The incident highlights how venting and flaring is not just a climate problem. Flaring often results in the release of other toxic air emissions. ExxonMobil is far from the only culprit; the entire region has a problem with unpermitted pollution from oil and gas drilling.
A 2019 report from the Environmental Integrity Project found that between 2014 and 2017, roughly 35 percent of Ector County, which includes Odessa, “experienced sulfur dioxide air pollution levels in excess of the federal health-based standard.” That included hundreds of individual incidents of illegal releases of sulfur dioxide. Drilling activity has only increased since then.
Sulfur dioxide can contribute to respiratory problems and make breathing difficult, more so for young children and for people with asthma, according to the U.S. Environmental Protection Agency. Nitrogen oxides can contribute to smog formation.
Despite the worsening air quality, the region only has three air quality monitors, and only one for sulfur dioxide, compared to around 60 monitors in the Houston area. That makes it difficult to obtain accurate and timely information.
Nevertheless, according to data from the TCEQ, the volume of unauthorized emissions of air contaminants —emissions above an allowed threshold, due to an accident, blowout, or other unplanned event — surged in fiscal year 2019, with an enormous increase in Midland. More than 60 million pounds of emissions of air contaminants occurred in FY19 in the Midland region, up from less than 30 million the year before. The increase, the TCEQ said, was “primarily due to heightened oil and gas operations in the Permian Basin.”

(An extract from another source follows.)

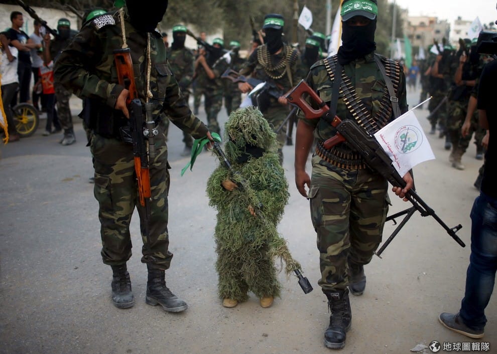 首圖故事:一名以雜草作掩護的小男孩拿著武器參加遊行...
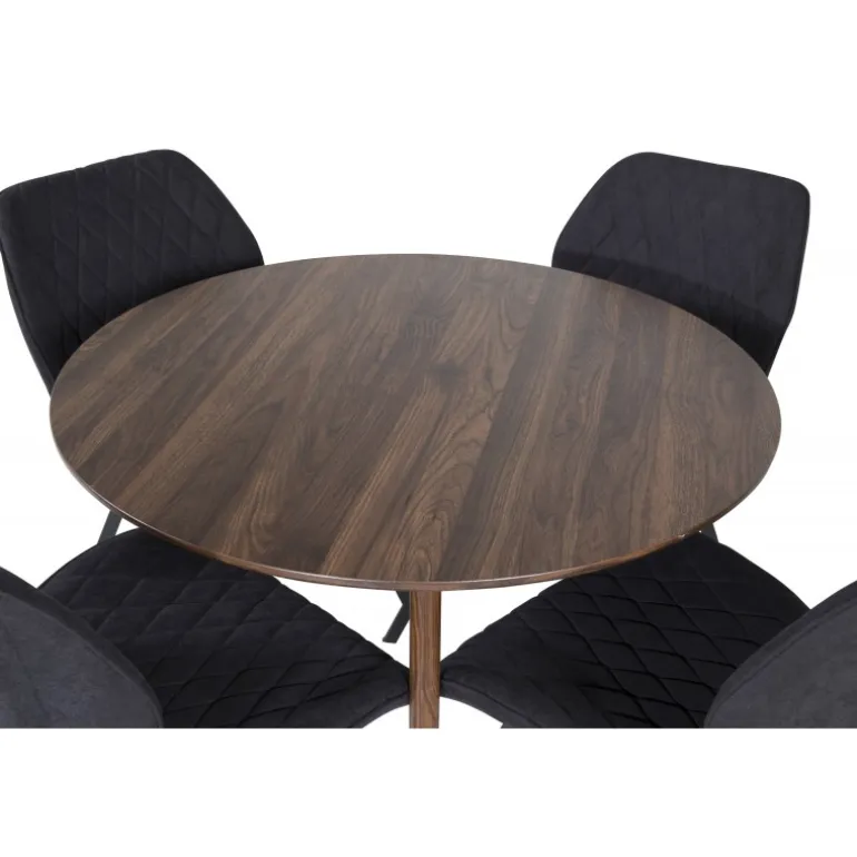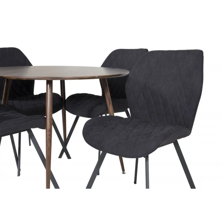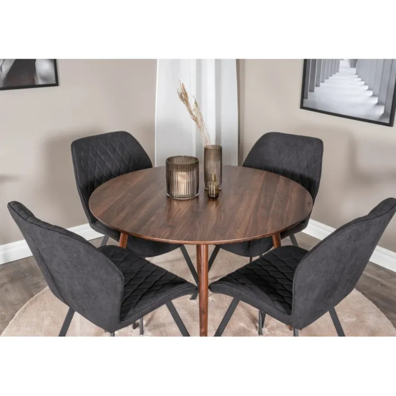 En moderne Spisebordssæt med en indbydende følelse i et enkelt design. Her er vores runde spisebord Plaza kombineret i smukt træ med komfortable spisebordsstole i Gemma-serien. Indret stuen med en familievenlig Spisebordssæt, der sandsynligvis passer lige så godt til dine behov som til din øvrige indretning.

But even that might be understating the impact since the data comes from the companies themselves. “The operator estimates emissions based on standard guidelines set by EPA and the duration and magnitude of the release,” Gunnar Schade, Associate Professor of Atmospheric Sciences at Texas A&M University, told DeSmog. “Such estimates are at times crude and inaccurate, but it’s the best we have in most cases.”
“But since this cannot be policed, I think it is fair to assume that ‘uncertainty’ cuts mostly one way, towards underestimation,” Schade added.
In a more significant incident in early February, drillers in the Permian Basin flared a massive amount of gas because of a winter storm. Power failures led to the temporary shutdown of several natural gas processing facilities, so multiple drillers resorted to flaring, emitting around 8.8 million pounds of air pollution, according to advocacy group Environment Texas. The release over just two days in February was equivalent to about one quarter of the pollution released in the region in all of 2018.
ExxonMobil’s Permian Plans on Thin Ice
Shale drilling has slowed recently because of profound financial stress. As small and medium-sized drillers pull back, the oil majors have taken over. With deeper pockets, the majors can preside over loss-making fracking operations for years.
At its Investor Day in New York in early March, Exxon showed little sign of slowing down. Exxon is “pursuing a strategy that is destructive of both shareholder value and the planet,” Edward Mason, head of responsible investment at Church Commissioners for England, who attended the company’s investor meeting, told Reuters.
However, the most recent collapse in oil prices — with one measure, West Texas Intermediate (WTI) falling to the low-$30s — could be so painful, that even a company the size of Exxon might think twice. Chevron has already admitted that it might cut spending in response to the sudden Saudi-Russia price war. Exxon too might soon have to slam on the brakes.